> TASK REQUIREMENTS
Keep every word the same. Repeat the records without their images.
Start of Block
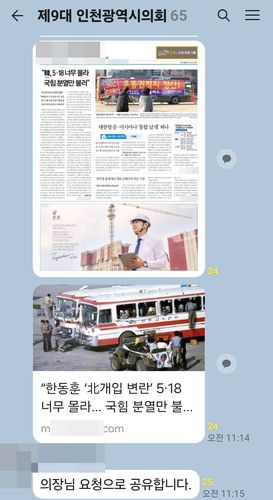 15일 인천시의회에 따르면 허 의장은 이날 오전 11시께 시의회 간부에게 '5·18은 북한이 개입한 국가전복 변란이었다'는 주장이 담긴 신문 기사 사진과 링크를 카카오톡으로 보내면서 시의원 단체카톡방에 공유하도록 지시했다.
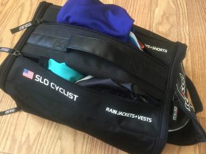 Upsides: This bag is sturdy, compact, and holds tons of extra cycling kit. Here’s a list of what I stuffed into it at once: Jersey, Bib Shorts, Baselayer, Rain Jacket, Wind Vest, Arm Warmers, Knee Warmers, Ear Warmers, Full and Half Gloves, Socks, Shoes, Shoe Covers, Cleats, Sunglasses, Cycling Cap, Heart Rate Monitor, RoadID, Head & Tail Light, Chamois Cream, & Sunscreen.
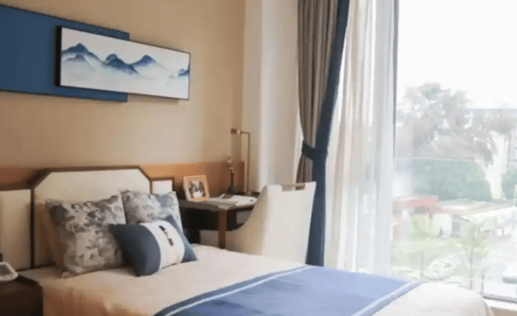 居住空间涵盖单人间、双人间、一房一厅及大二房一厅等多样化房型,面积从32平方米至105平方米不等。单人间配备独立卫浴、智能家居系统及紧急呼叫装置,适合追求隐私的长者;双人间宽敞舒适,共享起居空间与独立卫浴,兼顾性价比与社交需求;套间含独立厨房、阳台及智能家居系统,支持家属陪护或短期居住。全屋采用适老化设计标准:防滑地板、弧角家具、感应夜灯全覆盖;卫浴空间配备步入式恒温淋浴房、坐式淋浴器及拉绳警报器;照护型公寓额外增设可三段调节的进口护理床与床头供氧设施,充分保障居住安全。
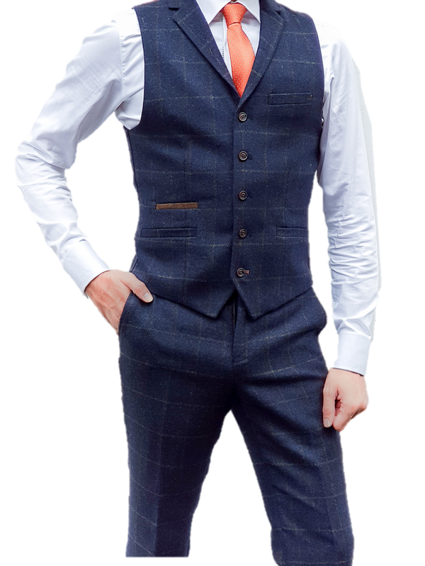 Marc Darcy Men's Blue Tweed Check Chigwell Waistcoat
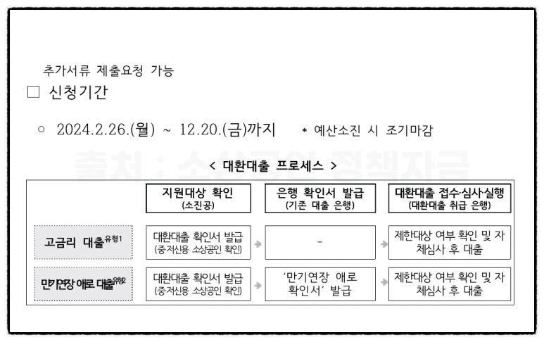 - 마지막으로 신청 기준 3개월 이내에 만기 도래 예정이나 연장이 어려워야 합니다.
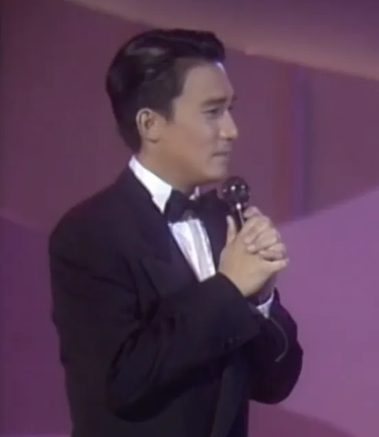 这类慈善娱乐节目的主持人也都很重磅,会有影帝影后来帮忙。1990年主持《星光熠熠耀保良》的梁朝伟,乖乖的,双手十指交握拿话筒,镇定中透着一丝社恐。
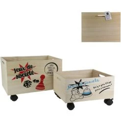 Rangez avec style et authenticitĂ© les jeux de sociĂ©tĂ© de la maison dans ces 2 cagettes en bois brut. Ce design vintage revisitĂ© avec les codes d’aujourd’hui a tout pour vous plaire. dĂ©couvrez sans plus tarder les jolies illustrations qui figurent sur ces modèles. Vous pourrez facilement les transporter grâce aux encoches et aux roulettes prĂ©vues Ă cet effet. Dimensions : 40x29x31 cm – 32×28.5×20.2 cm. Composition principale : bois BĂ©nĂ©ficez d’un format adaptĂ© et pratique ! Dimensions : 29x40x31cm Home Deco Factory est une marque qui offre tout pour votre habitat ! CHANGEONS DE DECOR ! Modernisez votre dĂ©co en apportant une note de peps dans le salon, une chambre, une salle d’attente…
End of Block
> COMPLETED TASK
 15일 인천시의회에 따르면 허 의장은 이날 오전 11시께 시의회 간부에게 '5·18은 북한이 개입한 국가전복 변란이었다'는 주장이 담긴 신문 기사 사진과 링크를 카카오톡으로 보내면서 시의원 단체카톡방에 공유하도록 지시했다.
 Upsides: This bag is sturdy, compact, and holds tons of extra cycling kit. Here’s a list of what I stuffed into it at once: Jersey, Bib Shorts, Baselayer, Rain Jacket, Wind Vest, Arm Warmers, Knee Warmers, Ear Warmers, Full and Half Gloves, Socks, Shoes, Shoe Covers, Cleats, Sunglasses, Cycling Cap, Heart Rate Monitor, RoadID, Head & Tail Light, Chamois Cream, & Sunscreen.
 居住空间涵盖单人间、双人间、一房一厅及大二房一厅等多样化房型,面积从32平方米至105平方米不等。单人间配备独立卫浴、智能家居系统及紧急呼叫装置,适合追求隐私的长者;双人间宽敞舒适,共享起居空间与独立卫浴,兼顾性价比与社交需求;套间含独立厨房、阳台及智能家居系统,支持家属陪护或短期居住。全屋采用适老化设计标准:防滑地板、弧角家具、感应夜灯全覆盖;卫浴空间配备步入式恒温淋浴房、坐式淋浴器及拉绳警报器;照护型公寓额外增设可三段调节的进口护理床与床头供氧设施,充分保障居住安全。
 Marc Darcy Men's Blue Tweed Check Chigwell Waistcoat
 - 마지막으로 신청 기준 3개월 이내에 만기 도래 예정이나 연장이 어려워야 합니다.
 这类慈善娱乐节目的主持人也都很重磅,会有影帝影后来帮忙。1990年主持《星光熠熠耀保良》的梁朝伟,乖乖的,双手十指交握拿话筒,镇定中透着一丝社恐。
 Rangez avec style et authenticitĂ© les jeux de sociĂ©tĂ© de la maison dans ces 2 cagettes en bois brut. Ce design vintage revisitĂ© avec les codes d’aujourd’hui a tout pour vous plaire. dĂ©couvrez sans plus tarder les jolies illustrations qui figurent sur ces modèles. Vous pourrez facilement les transporter grâce aux encoches et aux roulettes prĂ©vues Ă cet effet. Dimensions : 40x29x31 cm – 32×28.5×20.2 cm. Composition principale : bois BĂ©nĂ©ficez d’un format adaptĂ© et pratique ! Dimensions : 29x40x31cm Home Deco Factory est une marque qui offre tout pour votre habitat ! CHANGEONS DE DECOR ! Modernisez votre dĂ©co en apportant une note de peps dans le salon, une chambre, une salle d’attente…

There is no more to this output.